I need help on a homework problem. "Determine a vector equation for the line perpendicular to 4x-3y=17 and through point (-2,4). The answer in the book is given as [x,y]=[-2,4]+t[-4,3].Isn't the normal to the scalar equation [4,-3] and wouldn't this be the direction vector of the line we're looking for. I thought the answer should have been =[-2,4]+t[4,-3]. Where am I making a mistake?
To find the vector equation for a line perpendicular to a given line, we need to find the direction vector of the new line.
You correctly identified that the normal vector to the given line 4x - 3y = 17 is [4, -3]. However, this normal vector is not the direction vector we're looking for. Instead, the direction vector we need for the line perpendicular to 4x - 3y = 17 is the negative reciprocal of the direction vector [4, -3].
The negative reciprocal of [4, -3] is [-3, -4]. We flip the sign of each component and interchange their positions. So, the direction vector for the line perpendicular to 4x - 3y = 17 is [-3, -4].

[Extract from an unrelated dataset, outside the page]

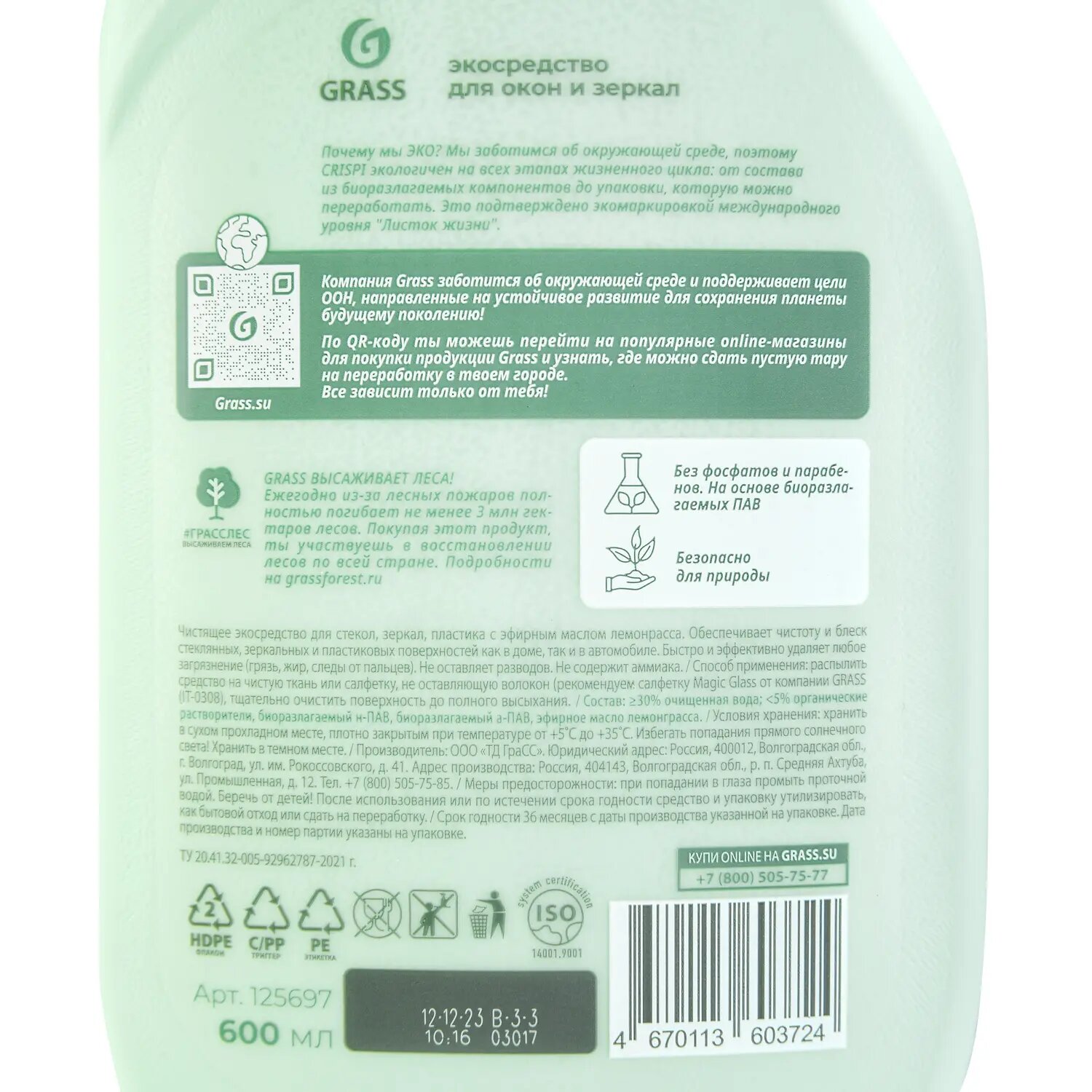 Жидкость Grass ECO Crispi для мытья стёкол, окон, пластика и зеркал, 600 г, 600 мл
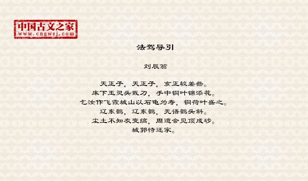 天正子,天正子,亥正较差些。床下玉灵头戴刀,手中铜叶锦添花。乞汝作飞霞城山以石龟为寿,铜荷叶盛之。辽东鹤,辽东鹤,无语鹤头斜。尘土不知灰变缟,周遭会见顶成砂。城郭待还家。

Now, to find the vector equation for the line through the point (-2, 4) with direction vector [-3, -4], we can use the general equation for the line: [x, y] = [x₀, y₀] + t[a, b], where (x₀, y₀) is a point on the line, and (a, b) is the direction vector.
Plugging in the values, we have [x, y] = [-2, 4] + t[-3, -4].
So, the correct vector equation for the line perpendicular to 4x - 3y = 17 and through the point (-2, 4) is [x, y] = [-2, 4] + t[-3, -4].